### Available records
· · ·
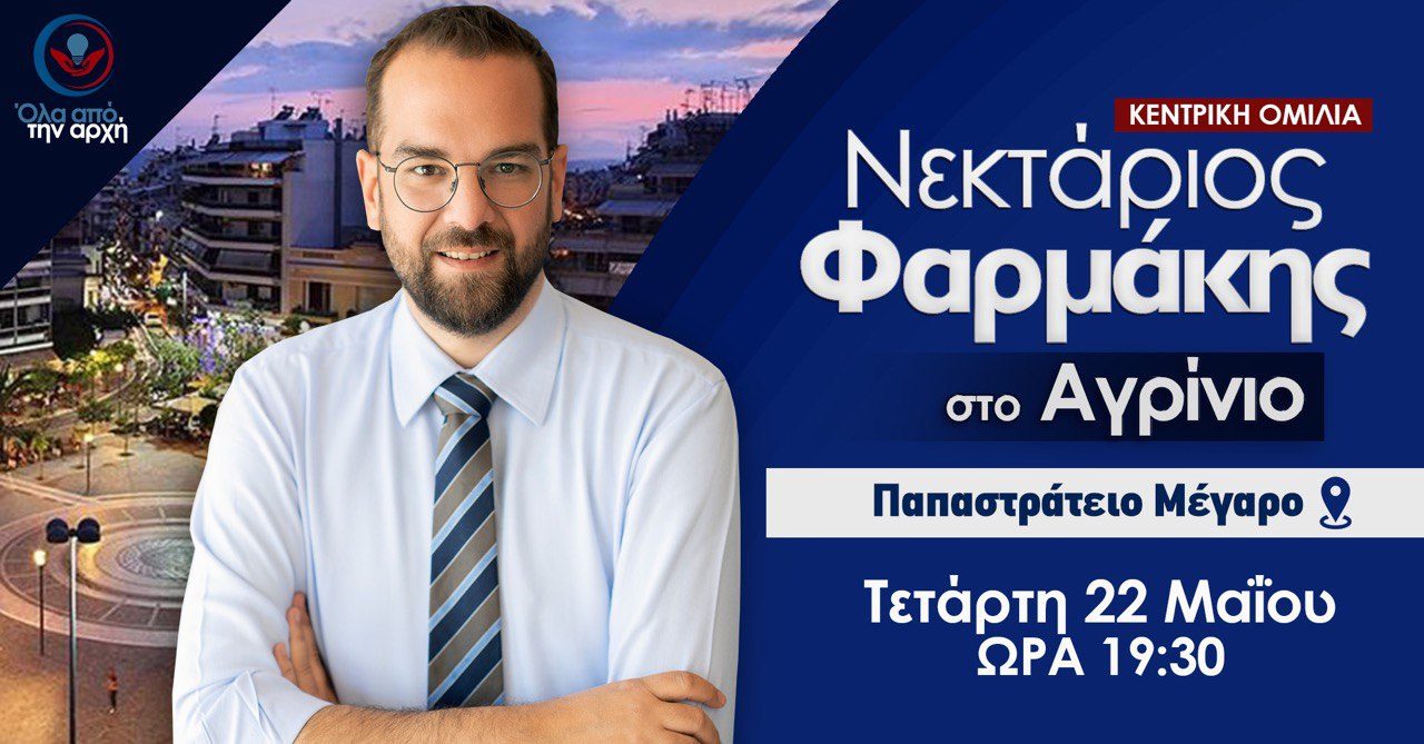 Η ομιλία του θα πραγματοποιηθεί στις 7.30 μ.μ. της Τετάρτης 22 Μαΐου 2019 στο Παπαστράτειο Μέγαρο, με τον κ. Φαρμάκη να στέλνει μήνυμα πολιτικής αλλαγής και ανανέωσης σε όλη τη Δυτική Ελλάδα, θέτοντας παράλληλα τις προτεραιότητες της παράταξής του για την Αιτωλοακαρνανία και υπογραμμίζοντας την ανάγκη, η Δυτική Ελλάδα να καλύψει το χαμένο έδαφος και τον χαμένο χρόνο.
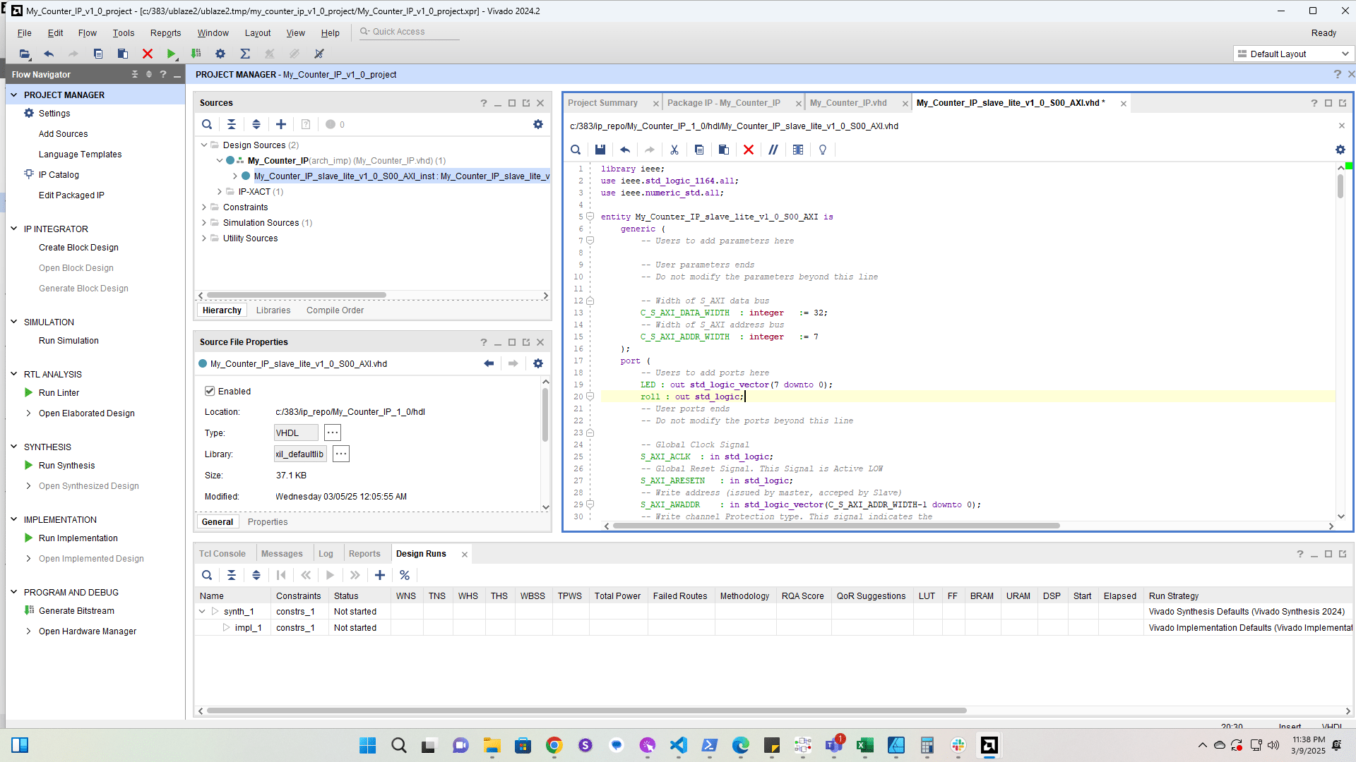 Add the roll port to the lec10 counter declaration
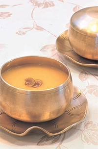 ▽재료=단호박 1개, 황기 10g, 감초 3개, 산약(마를 말린 것) 20g, 물 1L, 밀가루 3큰술, 버터 5g, 소금 1/2큰술, 생크림 1큰술
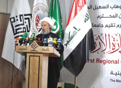 Es folgte das Wort des Ministeriums für Hochschulbildung und wissenschaftliche Forschung, das der Unterstaatssekretär des Bildungsministers, Dr. Musa Al-Musawi, hielt. Dann kam die Rede der Al-Amid-Universität, die von ihrem Präsidenten, Dr. Moayad Al-Ghazali, gehalten wurde.
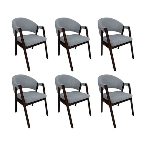 Kit 6 Cadeiras de Jantar Madeira Maciça Castanho Premium Helen Linho Cinza
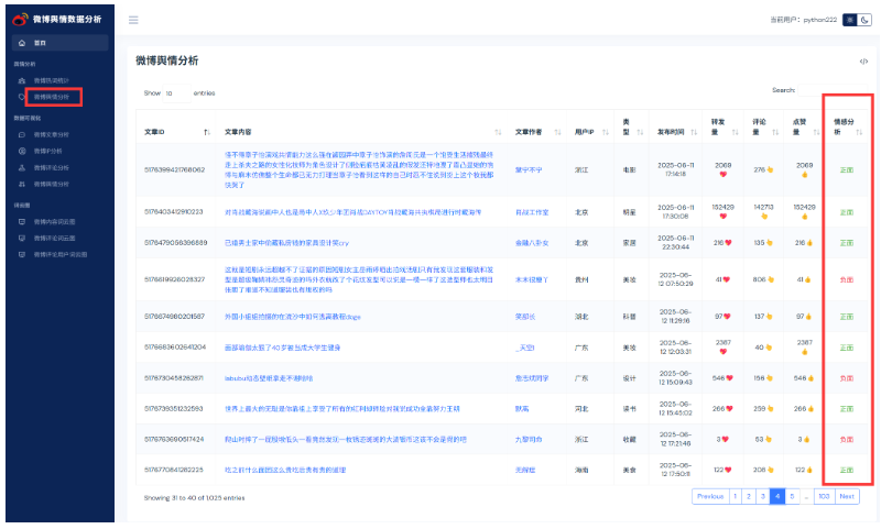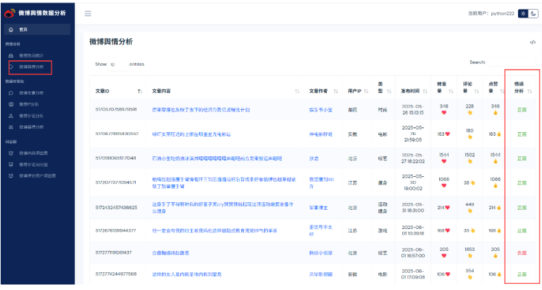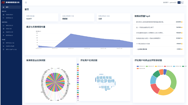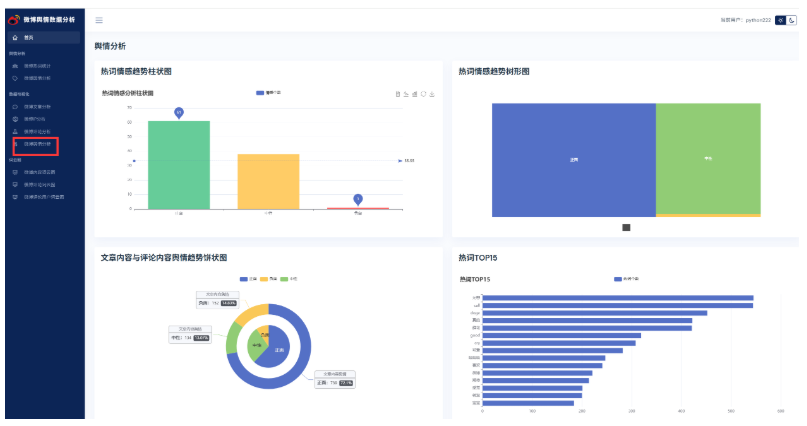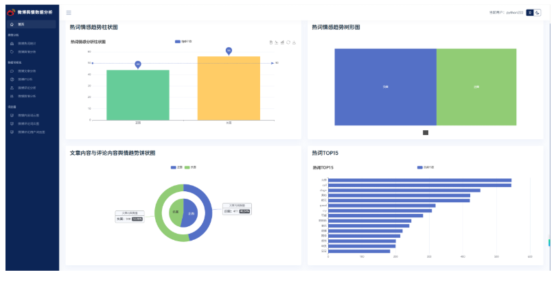 基于python微博舆情分析可视化系统(flask+pandas+echarts) 项目源码本地运行下。
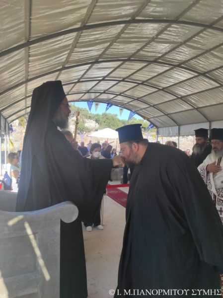 Τον ιερό χώρο του Βήματος κατέκλυσαν εκατοντάδες φιλάγιοι προσκυνητές από την Σύμη, Ρόδο και αλλού, ενώ συμμετείχαν οι πλείστοι των Εφόρων και των εργαζομένων της Ι. Μονής Πανορμίτου, ο Άρχων Δικαιοφύλαξ του Οικουμενικού Θρόνου κ. Θεόδωρος Παπαγεωργίου, Δικηγόρος Ρόδου, καθώς και στρατιωτική αντιπροσωπεία της Δ.Α.Ν. Σύμης με επικεφαλής τον Διοικητή, Συνταγματάρχη κ. Παν. Βρανά. Σημειώνεται δε, ότι όλοι οι προσκυνητές μετεφέρθησαν από νωρίς το πρωί αφιλοκερδώς με το πλοιάριο «Ποσειδών» του Συμαίου πλοιοκτήτου κ. Ιωάννου Γιαννίκου, από τον λιμένα του Πανορμίτη.
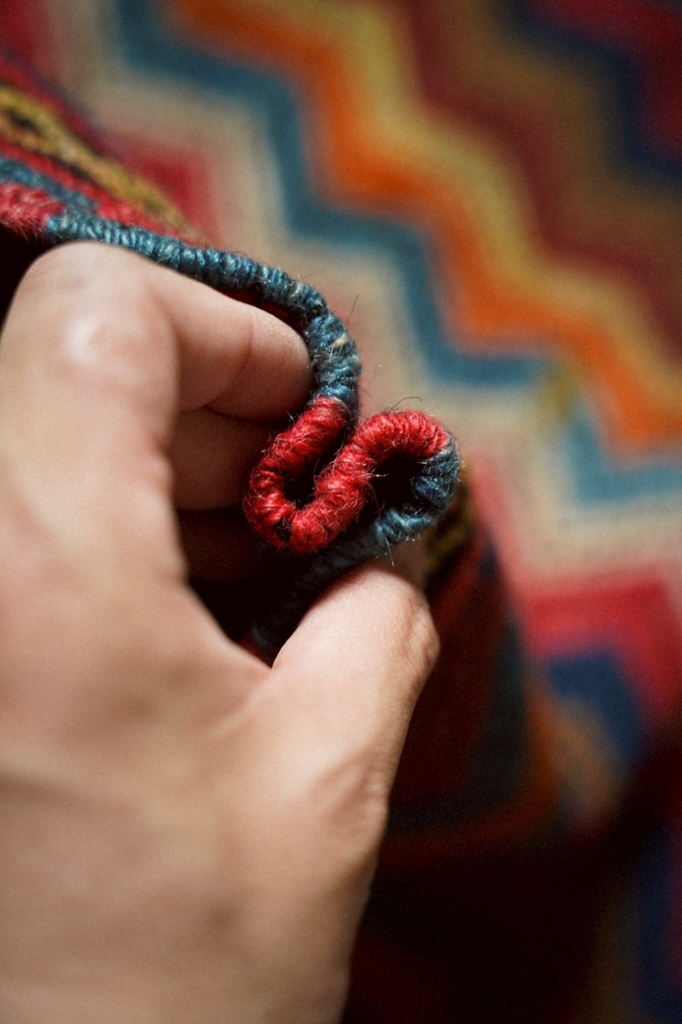 カラフルでリズミカルなジグザグ模様は、生命の躍動感を表現し空間に温もりをもたらします。床に敷くだけではなくソファに掛けたり、壁掛けにして楽しんだり多彩な使い方で、日々の暮らしに彩りを添える一枚です。
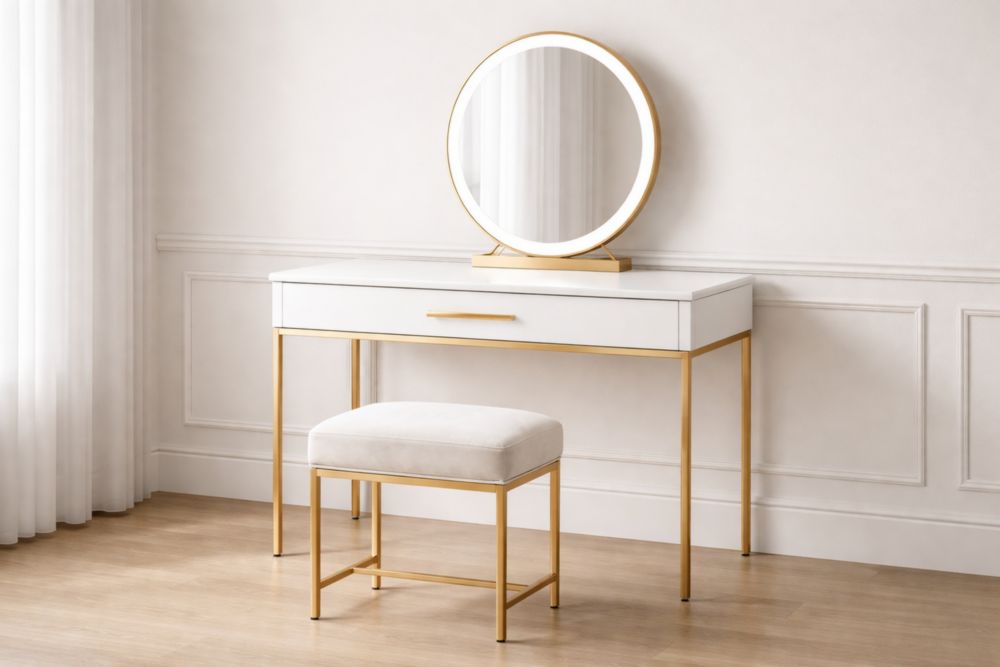 Tavolo da Toeletta con Specchio Retroilluminato e Sgabello
· · ·
### Exercise goal
Leave the pictures out. Output exactly, and only, the lines from the one with "Τον ιερό χώρο" through the last line of the listing above, both included.

### Task result
 Τον ιερό χώρο του Βήματος κατέκλυσαν εκατοντάδες φιλάγιοι προσκυνητές από την Σύμη, Ρόδο και αλλού, ενώ συμμετείχαν οι πλείστοι των Εφόρων και των εργαζομένων της Ι. Μονής Πανορμίτου, ο Άρχων Δικαιοφύλαξ του Οικουμενικού Θρόνου κ. Θεόδωρος Παπαγεωργίου, Δικηγόρος Ρόδου, καθώς και στρατιωτική αντιπροσωπεία της Δ.Α.Ν. Σύμης με επικεφαλής τον Διοικητή, Συνταγματάρχη κ. Παν. Βρανά. Σημειώνεται δε, ότι όλοι οι προσκυνητές μετεφέρθησαν από νωρίς το πρωί αφιλοκερδώς με το πλοιάριο «Ποσειδών» του Συμαίου πλοιοκτήτου κ. Ιωάννου Γιαννίκου, από τον λιμένα του Πανορμίτη.
 カラフルでリズミカルなジグザグ模様は、生命の躍動感を表現し空間に温もりをもたらします。床に敷くだけではなくソファに掛けたり、壁掛けにして楽しんだり多彩な使い方で、日々の暮らしに彩りを添える一枚です。
 Tavolo da Toeletta con Specchio Retroilluminato e Sgabello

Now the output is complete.